Sven Stühmeier erkennt noch eine weitere Möglichkeit bei DOOH. „Die Stärke von DOOH ist das Situative. Die Reichweite ist nicht das Wichtigste, dafür ist DOOH auch noch nicht weit genug ausgebaut. DOOH, zum Beispiel in Malls, hilft zum Beispiel auch, schlechte User Experience zu vermeiden, wenn man ein Angebot auch wieder herausnehmen kann, das im nächsten Store nicht mehr verfügbar ist“. Revolutionär ist das aber auch für Vodafone nicht. „Das ist nur eine konsequente Weiterentwicklung. Ein Gamechanger wäre es, wenn dadurch andere Kanäle ein Stück weit abgelöst werden, da bin ich mir nicht so sicher. DOOH ergänzt das Ökosystem“.
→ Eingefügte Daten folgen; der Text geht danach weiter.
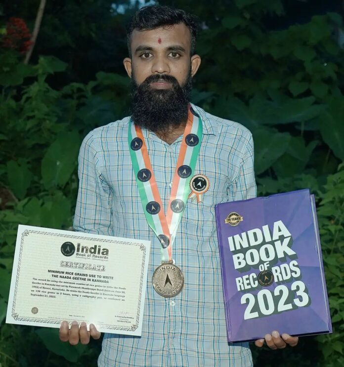 ಸುಬ್ರಹ್ಮಣ್ಯ: ಕಲಾವಿದ ಮೈಕ್ರೊ ಪರಮೇಶ್ ಅಕ್ಕಿ ಕಾಳಿನಲ್ಲಿ ನಾಡಗೀತೆ ಬರೆಯುವ ಮೂಲಕ ಇಂಡಿಯಾ ಬುಕ್ ಆಫ್ ರೆಕಾರ್ಡ್ ಸೇರಿದ್ದಾರೆ. ನಾಡಗೀತೆ ಬರೆಯಲು 136 ಅಕ್ಕಿ ಕಾಳು ಹಾಗೂ 2 ಗಂಟೆ ಸಮಯ ತೆಗೆದುಕೊಂಡಿದ್ದಾರೆ. ಕಡಿಮೆ ಅವಧಿಯಲ್ಲಿ, ಕಡಿಮೆ ಅಕ್ಕಿ ಕಾಳುಗಳನ್ನು ಬಳಸಿಕೊಂಡು ಈ ದಾಖಲೆ ಮಾಡಿರುವುದು ಅವರ ಸಾಧನೆಯಾಗಿದೆ.
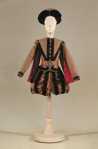 Costume maschile borghese di foggia cinquecentesca composto da braghe, farsetto, cintura e cappello.
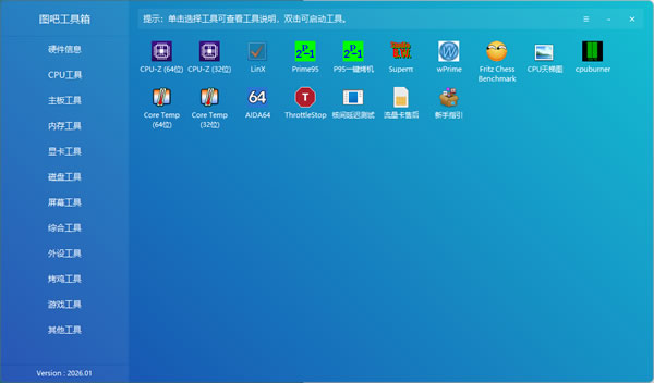 图吧工具箱是一款开源、免费、绿色、纯净的硬件检测工具合集,专为所有计算机硬件极客、DIY爱好者、各路大神及小白制作。自2014年诞生以来,经过12年的持续稳定更新,图吧工具箱已经成为国内最受欢迎的硬件检测工具集合,集成了大量常见的硬件检测、评分和测试工具,真正做到一键下载、方便使用。截止发文,图吧工具箱官方最新版是 2026.1.1,安装包下载地址:图吧工具箱安装包
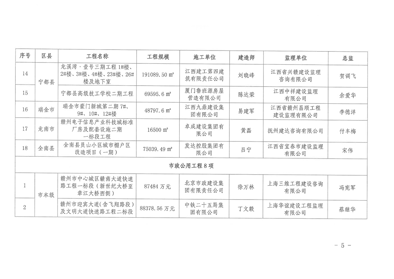 關(guān)于公布2021年度贛州市優(yōu)質(zhì)建設(shè)工程獎(jiǎng)工程名單的通知
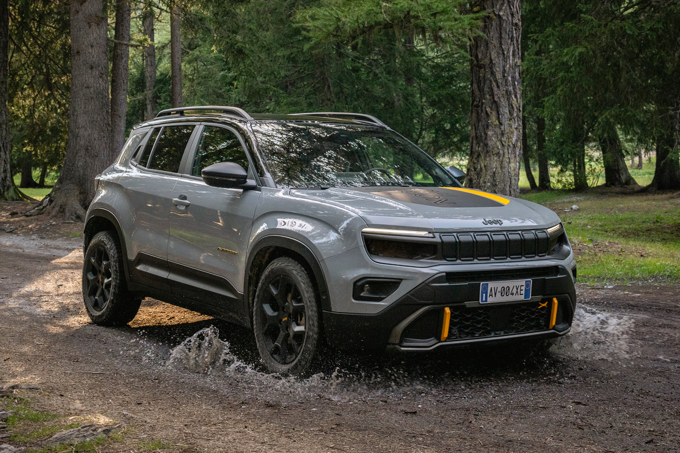 Podrás diferenciarlo del resto de Avenger 4xe por los detalles en color Summit Gold, que sustituye al verde flúor; el adhesivo antirreflectante del capó y porque la clásica parrilla de siete ranuras incorpora líneas topográficas.

CTV steht unterdessen nur bei Montblanc ganz oben auf der Agenda. Mit ersten Tests im letzten Jahr zeigt sich Maria von Scheel-Plessen sehr zufrieden, vor allem, weil man dank zusätzlicher (eigener) Daten den Streuverlust verringern konnte. EnBW sieht sich traditionell weniger im Bewegtbild, bei Vodafone wird CTV vor allem als Branding-Kanal eingeordnet und und ein Bekanntheitsproblem hat der Telekommunikationskonzern nicht. „Da muss man sehen, wie sich die Customer Journey auf Dauer auf den Geräten entwickelt“, sagt Sven Stühmeier.
Mit Googles neuem Datenkonstrukt FLoC haben sich alle drei bislang nicht eingehender beschäftigt. Carsten Lackner setzt ohnehin auf einen Google Tech Stack und ist davon überzeugt, dass seine Teams das zu gegebener Zeit im Griff haben. Sven Stühmeier sieht vor allem auch die Unterscheidung zwischen Bestands- und Neukunden als spannende „Kohorten“.
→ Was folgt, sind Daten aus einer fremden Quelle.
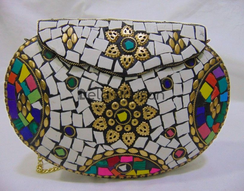 Handmade Mosaic Clutch Bag Boho Stone Inlay Purse with Brass Chain
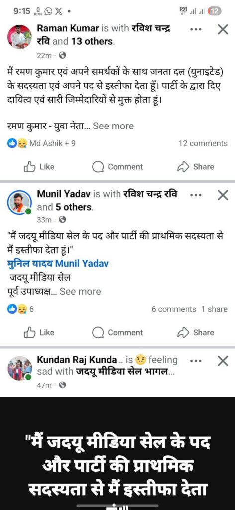 यह इस्तीफा केवल पद छोड़ना नहीं है, बल्कि जदयू के भीतर मची गुटबाज़ी और नेताओं की मनमानी के खिलाफ सीधा विद्रोह है।
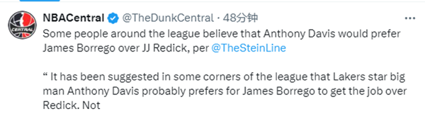 但名记stein报道浓眉更想让博雷戈担任主帅。
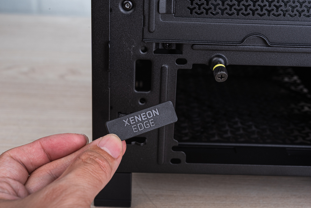 電源後方留有一個「XENEON EDGE」的塑膠片,拆掉後這個位置有著走線開孔,方便玩家將 LCD 螢幕的訊號線連接至後方的顯卡或主板內顯。
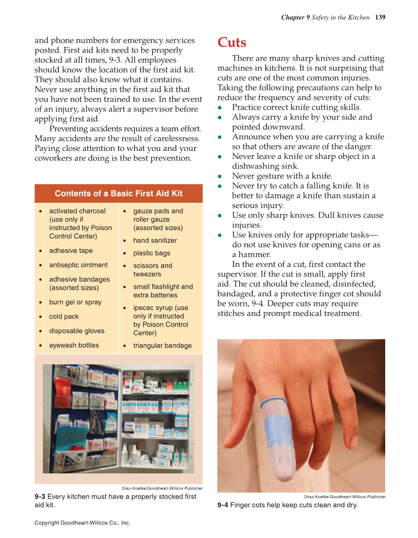 Chapter 9 Safety in the Kitchen 139 Copyright Goodheart-Willcox Co., Inc. and phone numbers for emergency services posted. First aid kits need to be properly stocked at all times, 9-3. All employees should know the location of the first aid kit. They should also know what it contains. Never use anything in the first aid kit that you have not been trained to use. In the event of an injury, always alert a supervisor before applying first aid. Preventing accidents requires a team effort. Many accidents are the result of carelessness. Paying close attention to what you and your coworkers are doing is the best prevention. Cuts There are many sharp knives and cutting machines in kitchens. It is not surprising that cuts are one of the most common injuries. Taking the following precautions can help to reduce the frequency and severity of cuts: • Practice correct knife cutting skills. • Always carry a knife by your side and pointed downward. • Announce when you are carrying a knife so that others are aware of the danger. • Never leave a knife or sharp object in a dishwashing sink. • Never gesture with a knife. • Never try to catch a falling knife. It is better to damage a knife than sustain a serious injury. • Use only sharp knives. Dull knives cause injuries. • Use knives only for appropriate tasks— do not use knives for opening cans or as a hammer. In the event of a cut, first contact the supervisor. If the cut is small, apply first aid. The cut should be cleaned, disinfected, bandaged, and a protective finger cot should be worn, 9-4. Deeper cuts may require stitches and prompt medical treatment. Contents of a Basic First Aid Kit • activated charcoal (use only if instructed by Poison Control Center) • adhesive tape • antiseptic ointment • adhesive bandages (assorted sizes) • burn gel or spray • cold pack • disposable gloves • eyewash bottles • gauze pads and roller gauze (assorted sizes) • hand sanitizer • plastic bags • scissors and tweezers • small flashlight and extra batteries • ipecac syrup (use only if instructed by Poison Control Center) • triangular bandage Draz-Koetke/Goodheart-Willcox Publisher 9-3 Every kitchen must have a properly stocked first aid kit. Draz-Koetke/Goodheart-Willcox Publisher 9-4 Finger cots help keep cuts clean and dry.
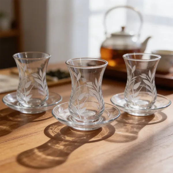 Viena Elegant Glass Leaf-Pattern 3pcs Tea Cups & Saucer Set 120mlطقم كاسات شاي بنقشة أوراق مع صحون – 3 قطع 120ml
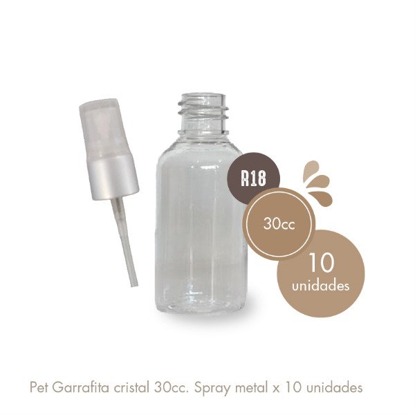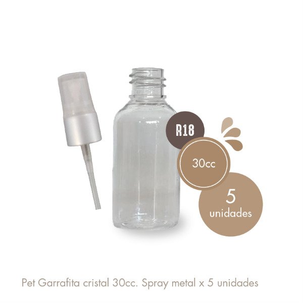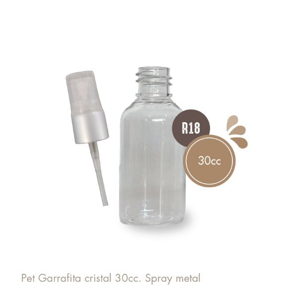 Pet Garrafita 30cc Cristal Válvula Spray Metalizada
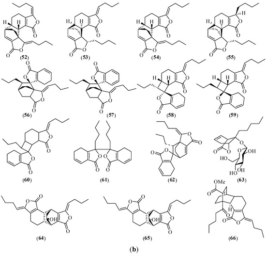 Phthalides are one kind of active compounds in CX with a phthalide parent nucleus and are used as characteristic components for quality control. Chemical structures of the main phthalides in CX are shown in Figure 2a,b, containing monomeric phthalides (compounds 19–51) and phthalide dimers (compounds 52–66) [9,10,100,101,102,103,104,105,106,107,108,109]. Takashi et al. [100,101,102,103] isolated about 30 phthalides from this herb in the 1990s, several of which were reported for the first time. Nowadays, some new phthalide and dimeric phthalides are isolated from CX in succession, such as 4,7-dihydroxy-3-butylphthalide (43), ligusticoside A (63) (a novel phthalide derivative with a lactone ring), chuanxiongnolide A (64), chuanxiongnolide B (65), 4,5-dihydro-3,1'-dihydroxy-3-pentylphthalide, and 4-pentylcyclohex-3-ene-1a,2b-diol [20,104,105]. Additionally, some compounds were found from this herb for the first time, such as n-hexadecanoic acid, daucosterol, 3-methylphthalide, and 3-butylidene-4,5-dihydro-2(1,3H)-1-isobenzofuranone [50,106].

Brand Safety und Ad Verification first
Absolut einig sind sich alle drei Unternehmen dagegen bei der Feststellung, dass Brand Safety und Ad Verification massiv an Bedeutung zunehmen werden. Maria von Scheel-Plessen wünscht sich endlich ein universelles Tool, um aus einer Hand verschiedene Kanäle steuern und beobachten zu können.
Stühmeier: „Die Frage nach der wachsenden Bedeutung der beiden Disziplinen kann man einfach mit ‘Ja’ beantworten. Wir sind auch lange noch nicht da, wo wir hinwollen. Was ist mit Adclutter, was ist mit Prebid-Blocking? In dem Moment, wo wir Kontext einkaufen und die Granularität der Markierung verschwimmt, besteht immer die Gefahr, dass wir den gleichen Nutzern zu viele Botschaften ausspielen“. Und Carsten Lackner unterstützt: „Dem kann ich nur voll und ganz zustimmen. Für uns ist Ad Verification heute noch kein Kern-KPI, da müssen wir besser werden“.
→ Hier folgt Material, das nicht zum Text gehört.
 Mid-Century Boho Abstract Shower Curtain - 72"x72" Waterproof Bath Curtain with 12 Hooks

In Sachen Anreicherung des eigenen Tech Stack haben alle drei Marken unterschiedliche Anforderungen. Carsten Lackner sieht sich gut aufgestellt. Für ihn geht es um die richtige Balance zwischen Buying und Doing. Seine Agenturpartner decken die eigenen Blindspots ab.
Maria von Scheel-Plessen befindet sich im Aufrüst-Modus. Vor allem Themen wie Predictive Buying stehen ganz oben auf der Agenda. Und neues, gutes Personal.
Sven Stühmeier sagt für Vodafone: „Wir haben, glaube ich, keinen akuten Bedarf im Bereich Tech Stack. Unsere größte Baustelle ist eher konzeptionell: Wir wollen das Thema DCO (Dynamic Creative Optimisation) besser verstehen und ganze Creatives dynamisieren, inklusive individueller Videos“.
Fazit
Das ist nur ein Auszug des sehr spannenden Webinars. Es lohnt sich, sich das Video in voller Länge (80 Minuten) anzuschauen. Fakt ist: Eine gewisse Unsicherheit ist bei allen zu spüren, und vermutlich liegt Sven Stühmeier richtig, wenn er sagt, dass diese Unsicherheit die Marketer dauerhaft begleiten wird.
Klar ist aber auch, dass die Marketer stark darum bemüht sind, die Kontrolle zu behalten oder zurückzugewinnen. Und wenn die Partner dabei nicht helfen können, macht man es eben selbst.